What the task requires ▸
Your output must hold every entry exactly as written and none of the pictures.
*** Exercise input ***
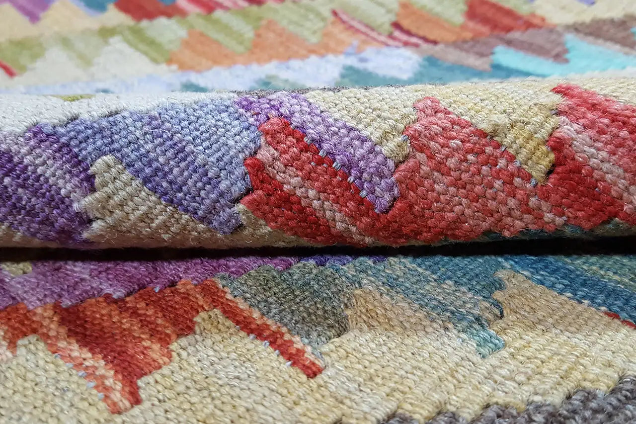 Los kilims de origen afgano son especialmente conocidos por su singular intensidad de color. Esta se obtiene mediante procesos naturales de teñido con plantas. Los kilims de esta región, al igual que nuestras otras alfombras, están hechos de lana hilada a mano y producida regionalmente. Gracias a los materiales naturales y a la alta calidad de fabricación, las alfombras son especialmente duraderas y resistentes.
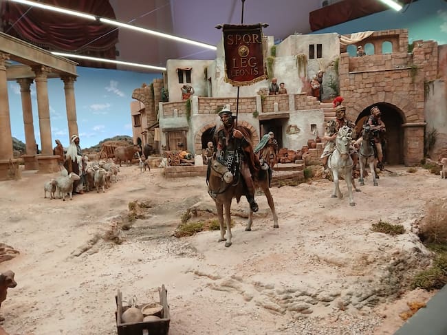 Un gran belén de unos 80 metros cuadrados que ya se puede visitar en el Antiguo Casino de Ciudad Real, completamente nuevo con respecto al de pasadas ediciones y que es, además el más monumental de los que se han hecho desde la asociación, un 30 por ciento mayor: las figuras de primer plano miden 35 centímetros, frente a los 24 habituales, lo que ha obligado también a escalar las construcciones y decorados con técnicas constructivas más avanzadas y con un carácter hiperrealista. Además las piezas están realizadas a mano por uno de los mejores escultores del panorama belenista internacional, José Ángel García.
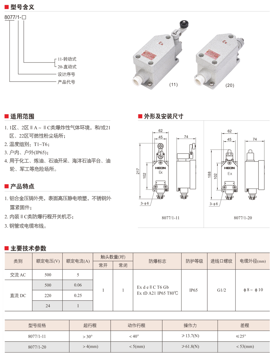 8077/1系列防爆行程開關(guān)(ⅡC)
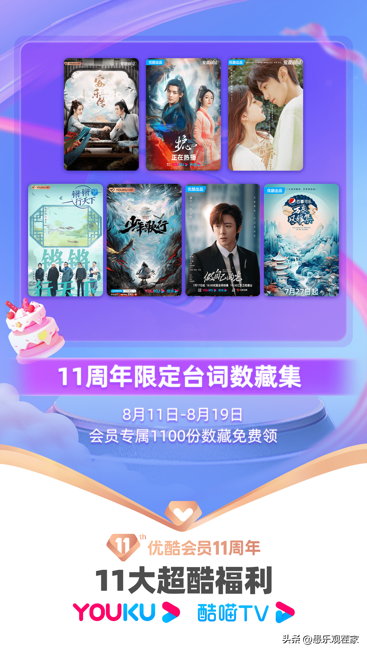 8月8日,优酷会员11周年庆生活动正式官宣,11大超酷福利,重磅来袭!
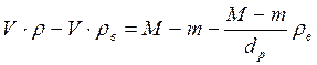 Здесь ρ ` – плотность дистиллированной воды при данной температуре. Для учета поправки на воздух введем следующие обозначения: V– суммарный объем кусочков твердого тела, ρ – их истинная плотность, ρ в – плотность воздуха, ρ p – плотность разновесок. Тогда (V ρ) – истинная масса кусочков исследуемого тела, (V ρ `) – истинная масса вытесненной ими воды, (V ρ в) – масса воздуха, вытесненного кусочками твердого тела или водой в том же объеме; (m / ρ р) ρ в – масса воздуха, вытесненного разновесками, уравновешивающими кусочки;
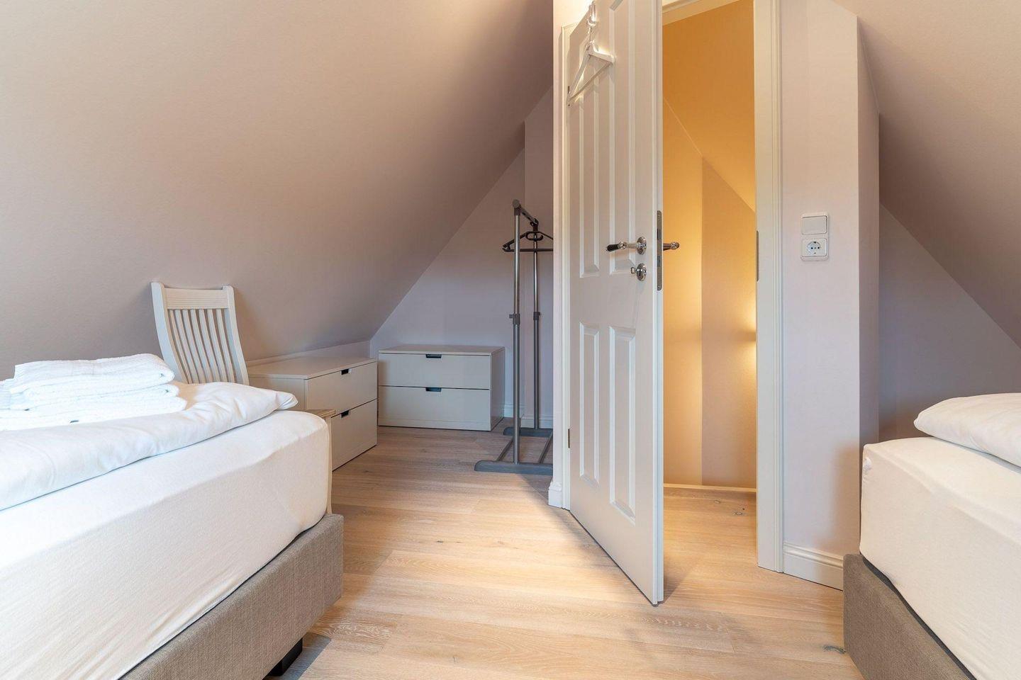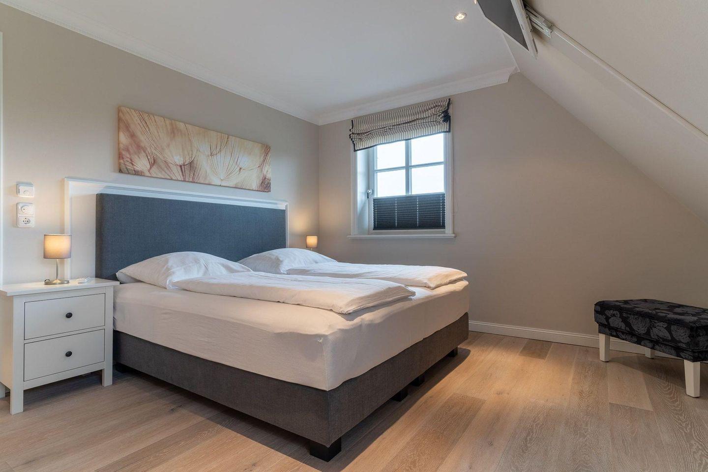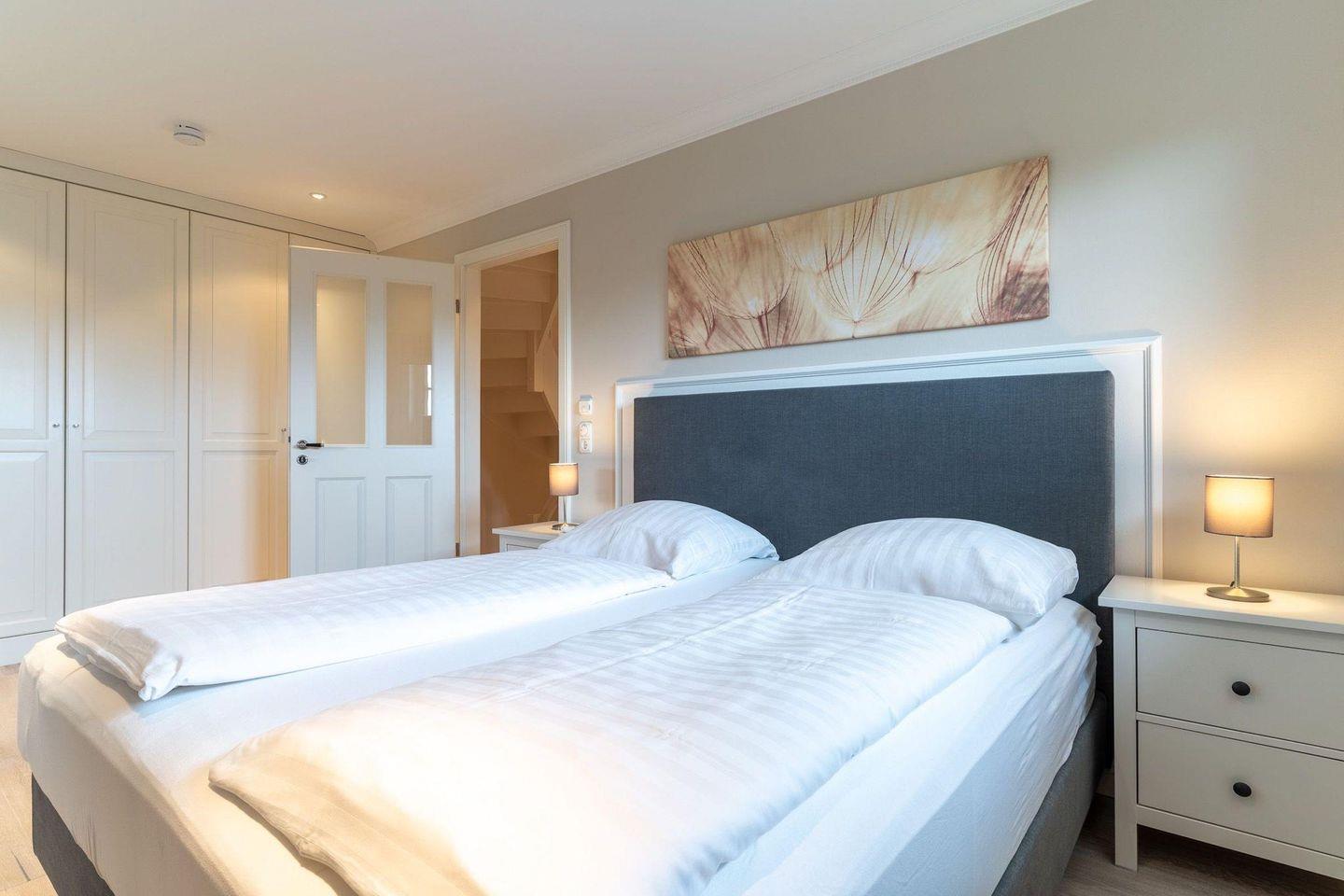 Über eine Holztreppe gelangt man in das mit Parkett ausgelegte Obergeschoss. Die beiden Schlafzimmer, eines mit einem Doppelboxspringbett und ein weiteres mit 2 Einzelboxspringbetten sorgen für ruhevolle Erholung. Einbauschränke gewähren Ihnen hinreichend Ablageflächen. Darüber hinaus befindet sich im Obergeschoss ein weiteres, geräumiges Bad mit Dusche und Badewanne. Dieses wunderschöne Haus lässt keine Wünsche offen und bringt Sie sofort in Urlaubsstimmung.
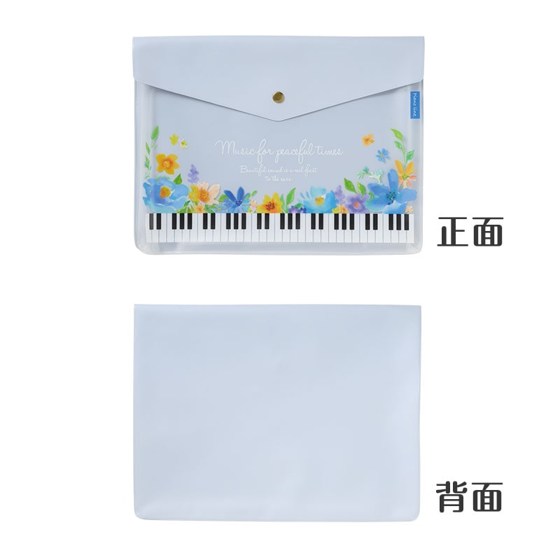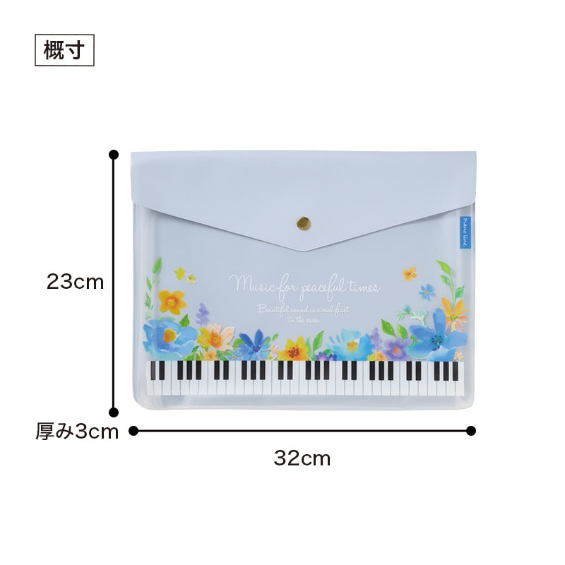 淡い上品なブルーに花柄と鍵盤モチーフが映える、爽やかで華やかなデザインが魅力です。
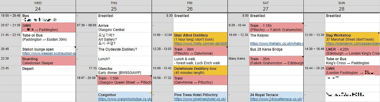 짧고 굵은 여행을 위한 폭풍 검색으로 각자 하고 싶은 것, 가고 싶은 곳을 먼저 리스트업 했다. 합의를 통해 리스트는 하나로 추려졌고 시간표가 정해 졌다. 시간이 없으니 동거인과의 원활한 일정 공유를 위해 나는 sheet를 만들었고 동거인은 기차표와 호텔 등의 예약을 하며 진행상황을 표시했다.
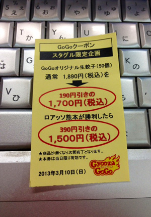 美味しすぎて写真撮る前にみんなで食べちゃったGoGo餃子さんのクーポン。次こそロアッソが勝利したら絶対買って帰ります♪
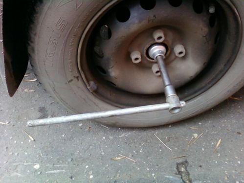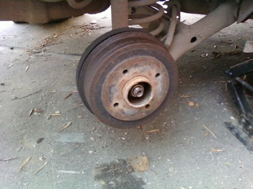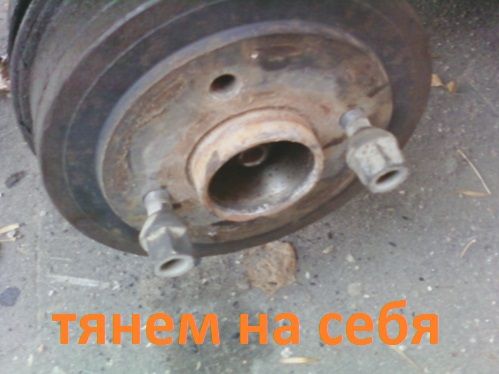 - срываем ступичную гайку, поддомкрачиваем сторону, снимаем колесо
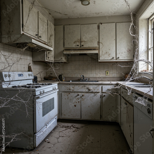 Kitchen. The corner of the kitchen is covered in cobwebs (they haven't cooked in a while), isolated, white background.
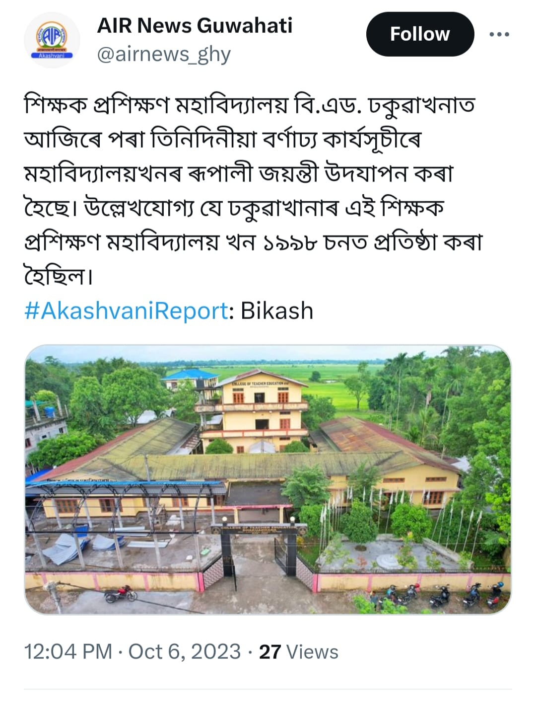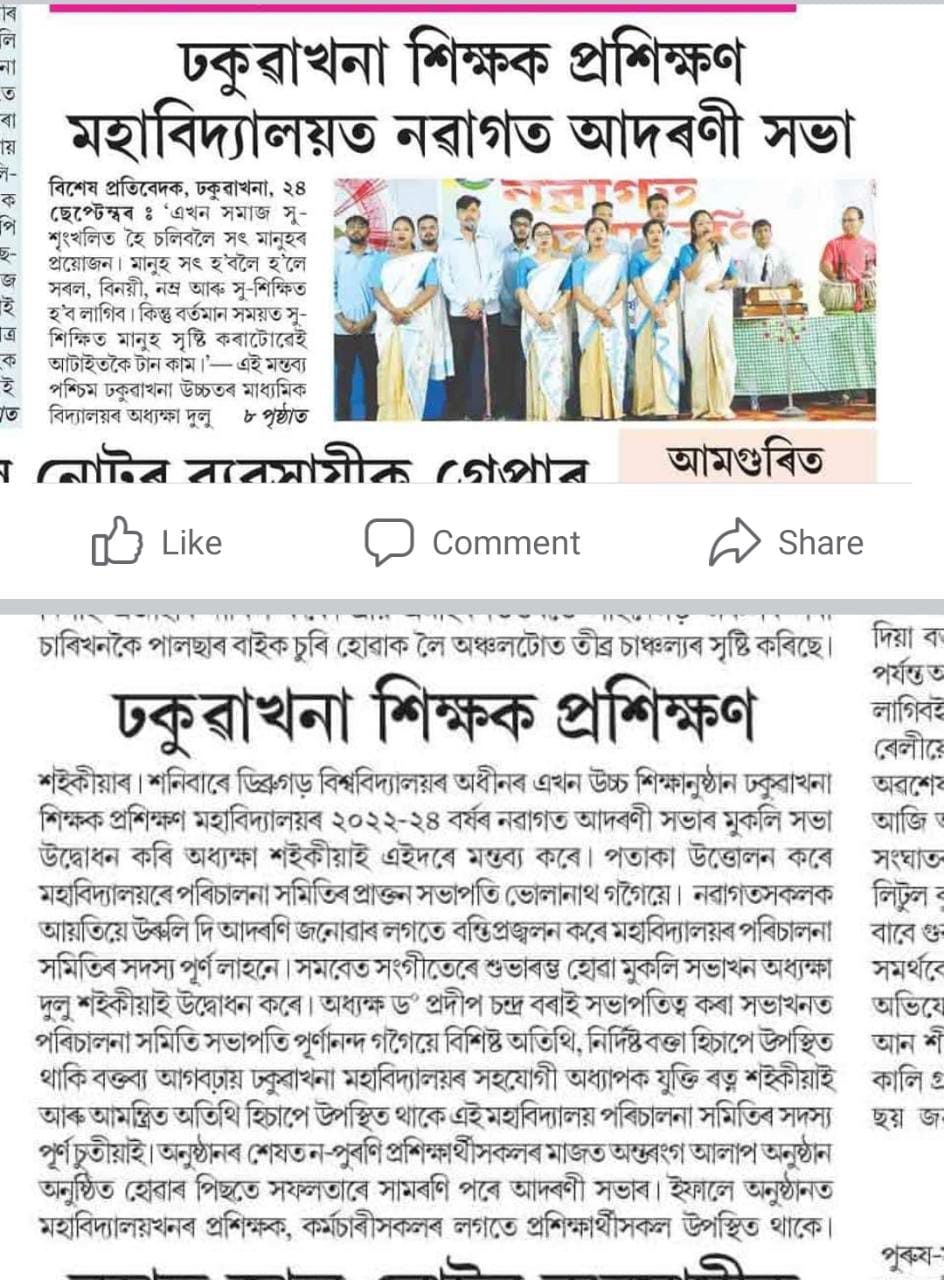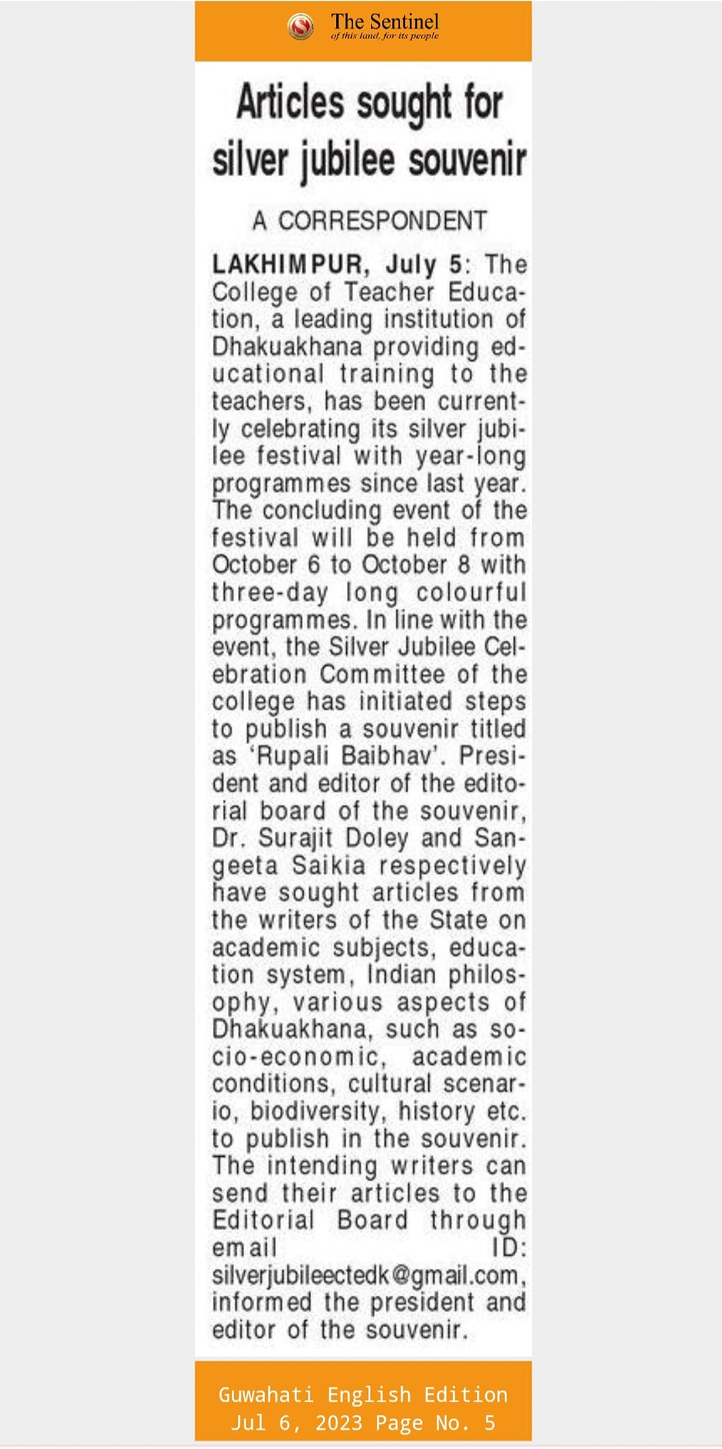 Thank you for showing your interest to College of Teacher Education, Dhakuakhana. College of Teacher Education, Dhakuakhana is one of the rapidly growing institutions in the field of Education in general and Teacher Education in particular. CTE, Dhakuakhana whole – heartedly believes that education is the potent force of growth and development of any country.
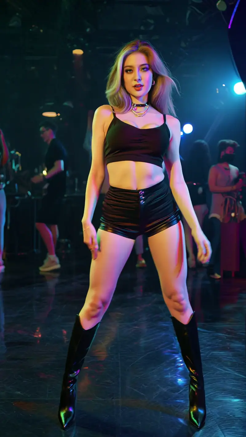 A ? Western woman with long legs and a curvy body, wearing K-pop girl group style outfit (crop top, high-waisted shorts, thigh-high boots), dancing a trendy TikTok dance in a vibrant nightclub scene.
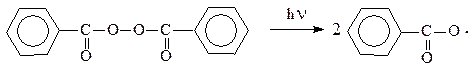 При возбуждении УФ-светом перекись бензоила диссоциирует на два бензоильных радикала. Бензоильный радикал не обладает высокой реакционной способностью.
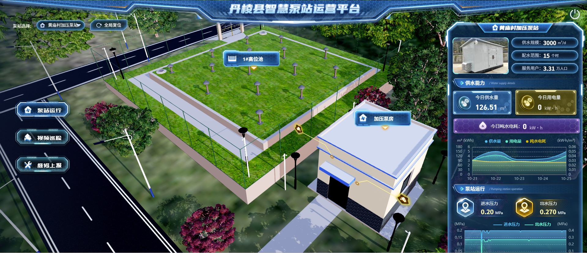 曾经,丹棱县农村供水长期面临“夏季用水紧张、管网漏损难控、应急响应迟缓、服务体验不佳”等现实难题。基于此,2023年9月至2024年4月,丹棱县投资700余万元(其中数字孪生专项建设约400万元),聚焦全县农村供水痛点问题,启动农村供水信息化智能化项目建设,搭建丹棱县全域智慧农村供水云平台,制定并实现“12345”的建设目标(建设一套系统,实现全面监管;串联两座水厂,承载民生需求;实现三化协同,提升服务质量;增强四预共建,保障供水安全;实现五域共治,共谱水利新章)。
*** End of Exercise input ***
The answer ▸
 Los kilims de origen afgano son especialmente conocidos por su singular intensidad de color. Esta se obtiene mediante procesos naturales de teñido con plantas. Los kilims de esta región, al igual que nuestras otras alfombras, están hechos de lana hilada a mano y producida regionalmente. Gracias a los materiales naturales y a la alta calidad de fabricación, las alfombras son especialmente duraderas y resistentes.
 Un gran belén de unos 80 metros cuadrados que ya se puede visitar en el Antiguo Casino de Ciudad Real, completamente nuevo con respecto al de pasadas ediciones y que es, además el más monumental de los que se han hecho desde la asociación, un 30 por ciento mayor: las figuras de primer plano miden 35 centímetros, frente a los 24 habituales, lo que ha obligado también a escalar las construcciones y decorados con técnicas constructivas más avanzadas y con un carácter hiperrealista. Además las piezas están realizadas a mano por uno de los mejores escultores del panorama belenista internacional, José Ángel García.
 8077/1系列防爆行程開關(guān)(ⅡC)
 8月8日,优酷会员11周年庆生活动正式官宣,11大超酷福利,重磅来袭!
 Здесь ρ ` – плотность дистиллированной воды при данной температуре. Для учета поправки на воздух введем следующие обозначения: V– суммарный объем кусочков твердого тела, ρ – их истинная плотность, ρ в – плотность воздуха, ρ p – плотность разновесок. Тогда (V ρ) – истинная масса кусочков исследуемого тела, (V ρ `) – истинная масса вытесненной ими воды, (V ρ в) – масса воздуха, вытесненного кусочками твердого тела или водой в том же объеме; (m / ρ р) ρ в – масса воздуха, вытесненного разновесками, уравновешивающими кусочки;
 Über eine Holztreppe gelangt man in das mit Parkett ausgelegte Obergeschoss. Die beiden Schlafzimmer, eines mit einem Doppelboxspringbett und ein weiteres mit 2 Einzelboxspringbetten sorgen für ruhevolle Erholung. Einbauschränke gewähren Ihnen hinreichend Ablageflächen. Darüber hinaus befindet sich im Obergeschoss ein weiteres, geräumiges Bad mit Dusche und Badewanne. Dieses wunderschöne Haus lässt keine Wünsche offen und bringt Sie sofort in Urlaubsstimmung.
 淡い上品なブルーに花柄と鍵盤モチーフが映える、爽やかで華やかなデザインが魅力です。
 짧고 굵은 여행을 위한 폭풍 검색으로 각자 하고 싶은 것, 가고 싶은 곳을 먼저 리스트업 했다. 합의를 통해 리스트는 하나로 추려졌고 시간표가 정해 졌다. 시간이 없으니 동거인과의 원활한 일정 공유를 위해 나는 sheet를 만들었고 동거인은 기차표와 호텔 등의 예약을 하며 진행상황을 표시했다.
 美味しすぎて写真撮る前にみんなで食べちゃったGoGo餃子さんのクーポン。次こそロアッソが勝利したら絶対買って帰ります♪
 - срываем ступичную гайку, поддомкрачиваем сторону, снимаем колесо
 Kitchen. The corner of the kitchen is covered in cobwebs (they haven't cooked in a while), isolated, white background.
 Thank you for showing your interest to College of Teacher Education, Dhakuakhana. College of Teacher Education, Dhakuakhana is one of the rapidly growing institutions in the field of Education in general and Teacher Education in particular. CTE, Dhakuakhana whole – heartedly believes that education is the potent force of growth and development of any country.
 A ? Western woman with long legs and a curvy body, wearing K-pop girl group style outfit (crop top, high-waisted shorts, thigh-high boots), dancing a trendy TikTok dance in a vibrant nightclub scene.
 При возбуждении УФ-светом перекись бензоила диссоциирует на два бензоильных радикала. Бензоильный радикал не обладает высокой реакционной способностью.
 曾经,丹棱县农村供水长期面临“夏季用水紧张、管网漏损难控、应急响应迟缓、服务体验不佳”等现实难题。基于此,2023年9月至2024年4月,丹棱县投资700余万元(其中数字孪生专项建设约400万元),聚焦全县农村供水痛点问题,启动农村供水信息化智能化项目建设,搭建丹棱县全域智慧农村供水云平台,制定并实现“12345”的建设目标(建设一套系统,实现全面监管;串联两座水厂,承载民生需求;实现三化协同,提升服务质量;增强四预共建,保障供水安全;实现五域共治,共谱水利新章)。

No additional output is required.